■ EXERCISE OBJECTIVE ■
Output everything in the data exactly, leaving the pictures out.

■ TASK INPUT ■
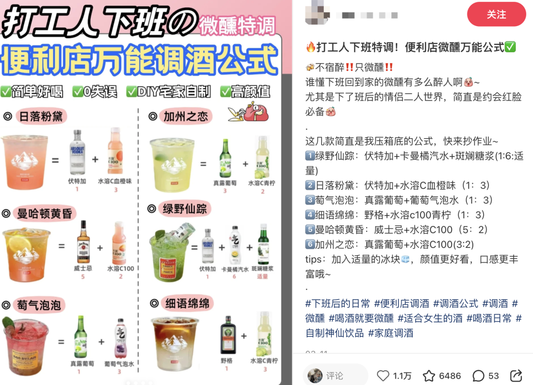 “冰杯+威士忌/伏特加+饮料”作为便利店微醺万能特调公式,DIY出打工人下班微醺特调鸡尾酒。
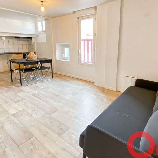 Appartement T3bis meublé, 4 pièces, 58.54m² HASPARREN. Appartement de type T3bis meublé situé au 2ème étage d'une résidence sans ascenseur en plein centre d'Hasparren. Entrée avec dégagement, une première chambre, séjour sur cuisine ouverte aménagée et équipée (hotte aspirante, plaque de cuisson, réfrigérateur/congélateur. Dégagement, deux autres chambres avec placard, salle de bains et WC indépendant. Chauffage électrique. Pas de place de parking ni de cave. Disponible rapidement. Loyer : 785€ Caution : 1550€ Honoraires d'entrée : 650€
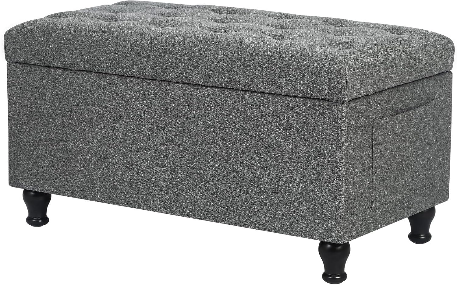 - 【Storage Ottomans】– The 32 inch rectangle ottoman with storage offers generous storage capacity, perfect for stashing blankets,pillows, books, game controllers and other leisure and entertainment items . The smooth, hinged top lifts effortlessly, while the built-in side pocket adds quick-access storage for remotes, magazines, or small essentials.
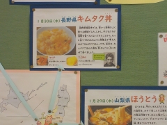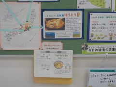 山梨県でのほうとうが発展した背景をビデオで見ている学級もありました。各県の郷土料理を味わることで旅行にでかけた気持ちになれますね。
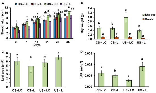 Shoot height (A), dry biomass (B), leaf area (C) and leaf area ratio (LAR) (D) of L. pedunculata (grown from São Domingos seeds (LC) and Caldeirão seeds (L)) planted in the contaminated soil from São Domingos (CS) and the uncontaminated soil from Caldeirão (US). (average ± standard error, n = 4). Different letters indicate significant differences among soil/plant treatments (p < 0.05). * indicates no significant differences among plant/soil combinations (p < 0.05).
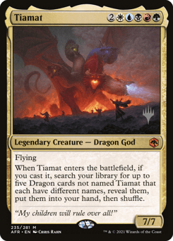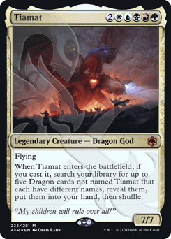 Flying When Tiamat enters, if you cast it, search your library for up to five Dragon cards not named Tiamat that each have different names, reveal them, put them into your hand, then shuffle.
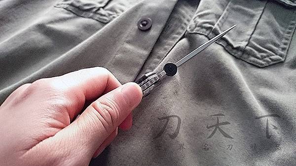 "WAVE"拉鉤,使用方式是將折刀取出褲袋同時,用以鉤住褲袋邊緣並順勢拉出,即可完成展刀動作。
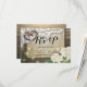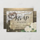 Modelos de Cartão de Resposta / Responda por Favor para Casamento Rústico no Estilo Country - Casal com Antiga Ferradura em Coração com Nó de Corda e Renda Branca, Flor de Hydrangea, Luzes de Corda e Tecido de Sarja em Fundo de Madeira de Celeiro Antigo.
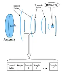 Pulse Doppler radar may have 50 or more pulses between the radar and the reflector.

■ TASK ANSWER ■
 “冰杯+威士忌/伏特加+饮料”作为便利店微醺万能特调公式,DIY出打工人下班微醺特调鸡尾酒。
 Appartement T3bis meublé, 4 pièces, 58.54m² HASPARREN. Appartement de type T3bis meublé situé au 2ème étage d'une résidence sans ascenseur en plein centre d'Hasparren. Entrée avec dégagement, une première chambre, séjour sur cuisine ouverte aménagée et équipée (hotte aspirante, plaque de cuisson, réfrigérateur/congélateur. Dégagement, deux autres chambres avec placard, salle de bains et WC indépendant. Chauffage électrique. Pas de place de parking ni de cave. Disponible rapidement. Loyer : 785€ Caution : 1550€ Honoraires d'entrée : 650€
 - 【Storage Ottomans】– The 32 inch rectangle ottoman with storage offers generous storage capacity, perfect for stashing blankets,pillows, books, game controllers and other leisure and entertainment items . The smooth, hinged top lifts effortlessly, while the built-in side pocket adds quick-access storage for remotes, magazines, or small essentials.
 山梨県でのほうとうが発展した背景をビデオで見ている学級もありました。各県の郷土料理を味わることで旅行にでかけた気持ちになれますね。
 Shoot height (A), dry biomass (B), leaf area (C) and leaf area ratio (LAR) (D) of L. pedunculata (grown from São Domingos seeds (LC) and Caldeirão seeds (L)) planted in the contaminated soil from São Domingos (CS) and the uncontaminated soil from Caldeirão (US). (average ± standard error, n = 4). Different letters indicate significant differences among soil/plant treatments (p < 0.05). * indicates no significant differences among plant/soil combinations (p < 0.05).
 Flying When Tiamat enters, if you cast it, search your library for up to five Dragon cards not named Tiamat that each have different names, reveal them, put them into your hand, then shuffle.
 "WAVE"拉鉤,使用方式是將折刀取出褲袋同時,用以鉤住褲袋邊緣並順勢拉出,即可完成展刀動作。
 Modelos de Cartão de Resposta / Responda por Favor para Casamento Rústico no Estilo Country - Casal com Antiga Ferradura em Coração com Nó de Corda e Renda Branca, Flor de Hydrangea, Luzes de Corda e Tecido de Sarja em Fundo de Madeira de Celeiro Antigo.
 Pulse Doppler radar may have 50 or more pulses between the radar and the reflector.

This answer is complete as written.